### Task instructions
Transcribe the listing verbatim. Do not carry over any pictures.

::: Supplied data :::

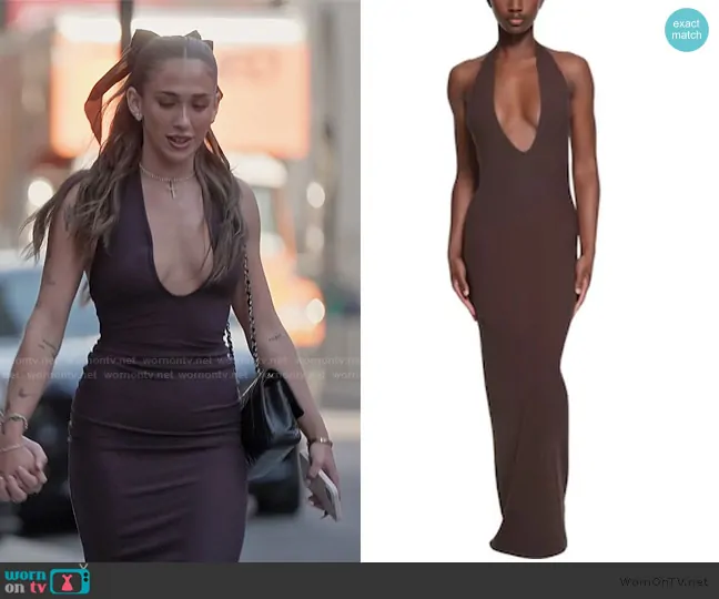 Ariana Biermann on Next Gen NYC on Bravo was spotted wearing this burgundy halter dress on Next Gen NYC on episode 'Welcome to New York' (1x01) in Jun 2025. Ariana's Dress is the Halter Neck Stretch Dress by Skims.
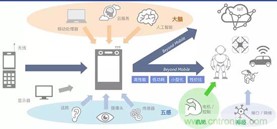 他指出按照這個原理疊加,如果再疊加人的肌肉----類似一些電機控制執行器件,就形成了機器人的概念,再把低功耗小型化智能運用就形成IOT物聯網概念,隨著技術的在進步,智慧手機會超越了手機行業的范疇,逐步進入到各個其他領域。如車載、機器人、穿戴設備,給其他周邊設備、周邊行業等,帶來革命性的產品形態變化。
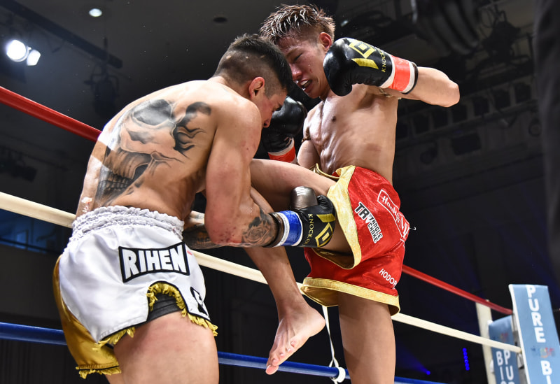 左の飛びヒザ蹴りでKO勝ちした龍聖

:::

### Exercise output
 Ariana Biermann on Next Gen NYC on Bravo was spotted wearing this burgundy halter dress on Next Gen NYC on episode 'Welcome to New York' (1x01) in Jun 2025. Ariana's Dress is the Halter Neck Stretch Dress by Skims.
 他指出按照這個原理疊加,如果再疊加人的肌肉----類似一些電機控制執行器件,就形成了機器人的概念,再把低功耗小型化智能運用就形成IOT物聯網概念,隨著技術的在進步,智慧手機會超越了手機行業的范疇,逐步進入到各個其他領域。如車載、機器人、穿戴設備,給其他周邊設備、周邊行業等,帶來革命性的產品形態變化。
 左の飛びヒザ蹴りでKO勝ちした龍聖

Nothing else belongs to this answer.